WHAT YOU HAVE TO DO:
Quote every line below exactly and skip any picture.

DATASET EXTRACT:

+---+

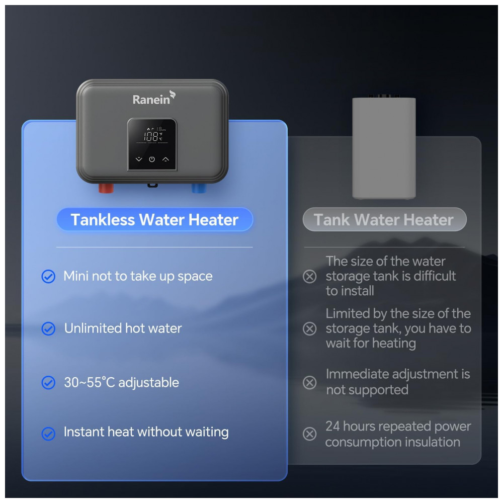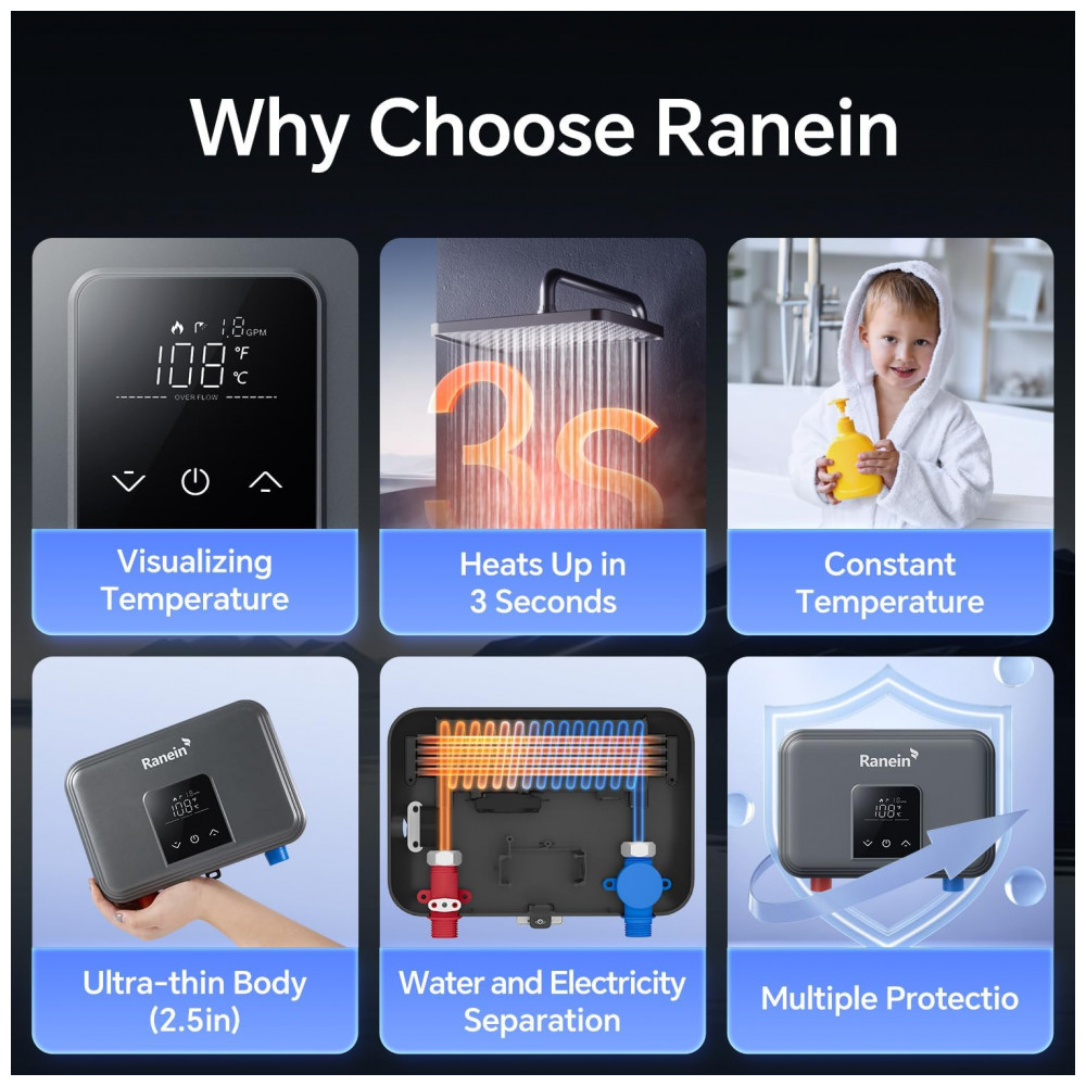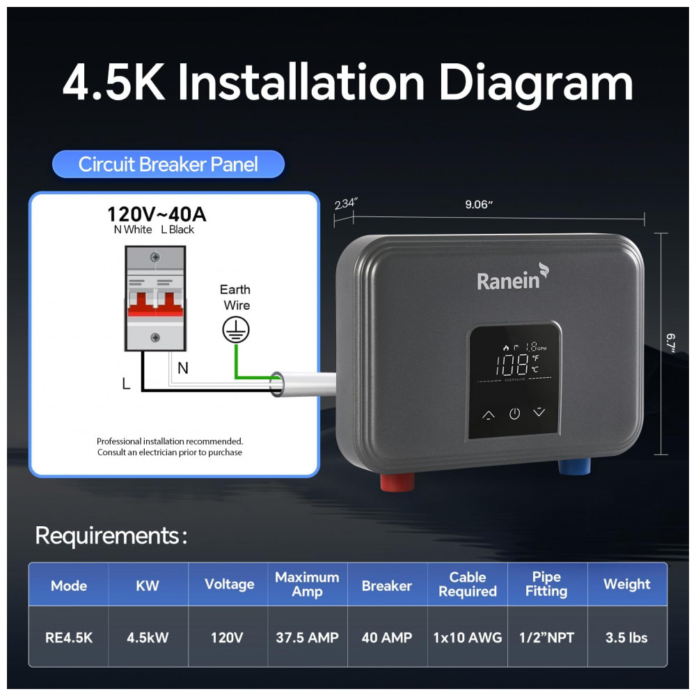 Este aquecedor de água elétrico tankless Ranein RE45K-120, com potência de 4.5 kW e 110V, fornece água aquecida sob demanda para uso pontual em banheiros, cozinhas ou lavatórios. Seu sistema de aquecimento instantâneo ativa-se conforme o fluxo de água, sem armazenamento ou perda de energia em standby, ideal para instalações sob pia com conexões de 1,27 cm NPT.
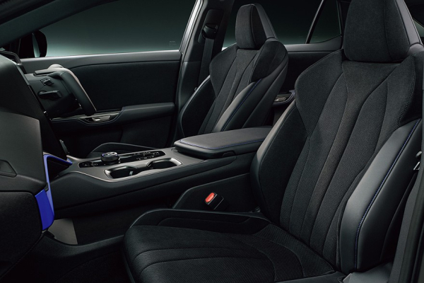 Lexus RZ 600e F Sport Performance получил 21-дюймовые матово-чёрные легкосплавные колёсные диски Enkei, за которыми можно разглядеть 20-дюймовые тормозные диски и синие шестипоршневые алюминиевые моноблочные суппорты спереди. Ещё новой версии на 20 мм занизили подвеску по сравнению с RZ 550e F Sport. В салоне установлен штурвал вместо привычного рулевого колеса, а также имеется синий декор.
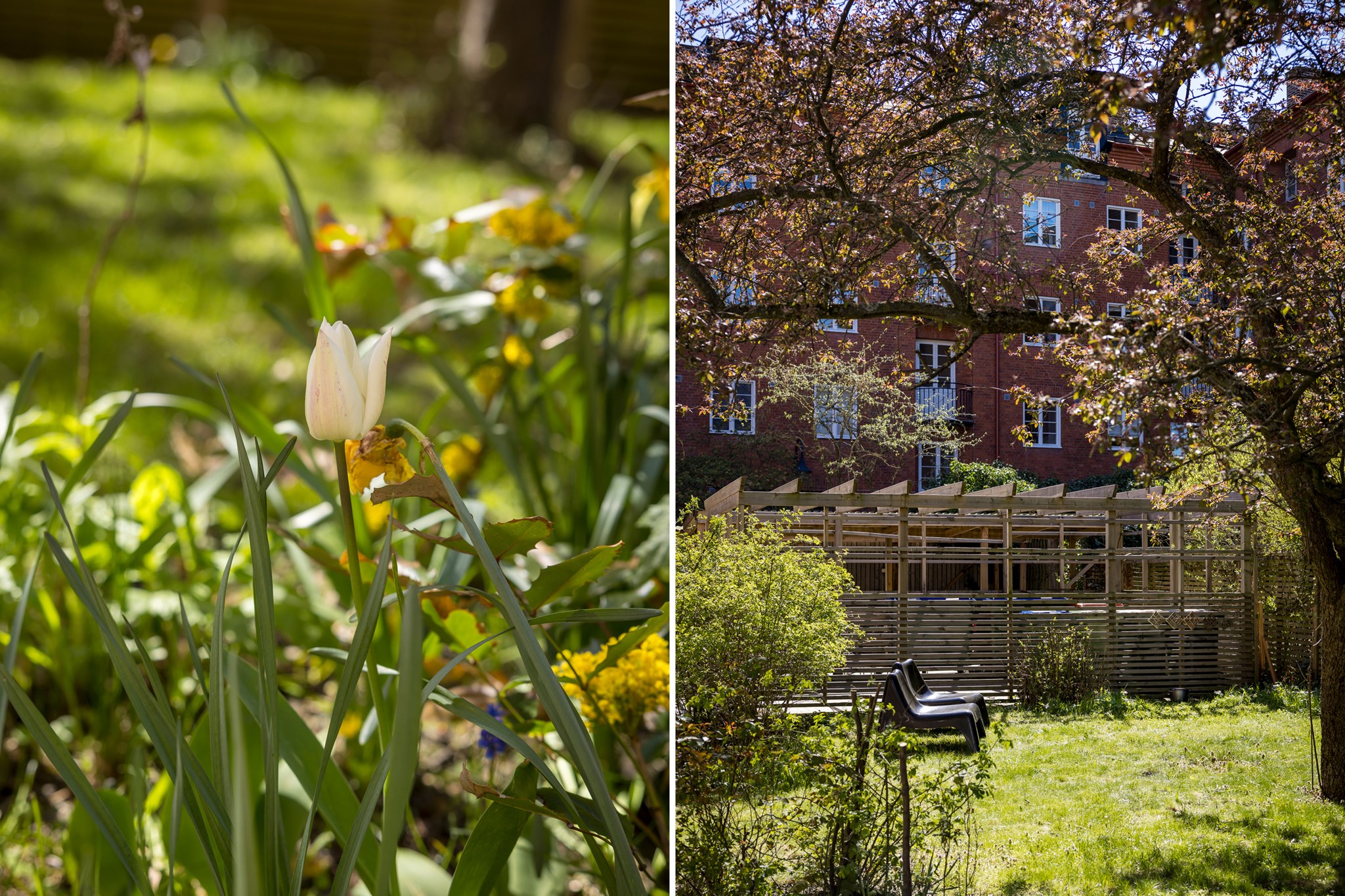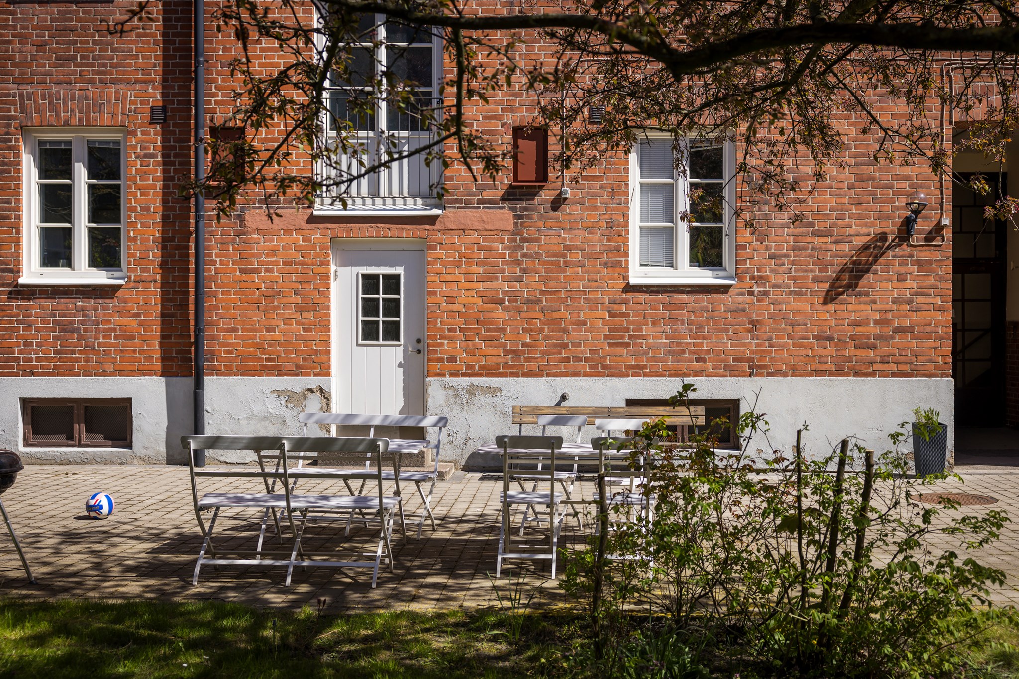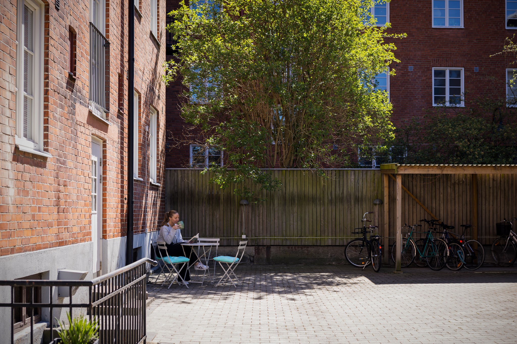 Föreningens gemensamma innergård har grill- och sittmöjligheter. Cykelställ finns på gården och även cykelparkering under tak.

+---+

ANSWER TO THIS TASK:
 Este aquecedor de água elétrico tankless Ranein RE45K-120, com potência de 4.5 kW e 110V, fornece água aquecida sob demanda para uso pontual em banheiros, cozinhas ou lavatórios. Seu sistema de aquecimento instantâneo ativa-se conforme o fluxo de água, sem armazenamento ou perda de energia em standby, ideal para instalações sob pia com conexões de 1,27 cm NPT.
 Lexus RZ 600e F Sport Performance получил 21-дюймовые матово-чёрные легкосплавные колёсные диски Enkei, за которыми можно разглядеть 20-дюймовые тормозные диски и синие шестипоршневые алюминиевые моноблочные суппорты спереди. Ещё новой версии на 20 мм занизили подвеску по сравнению с RZ 550e F Sport. В салоне установлен штурвал вместо привычного рулевого колеса, а также имеется синий декор.
 Föreningens gemensamma innergård har grill- och sittmöjligheter. Cykelställ finns på gården och även cykelparkering under tak.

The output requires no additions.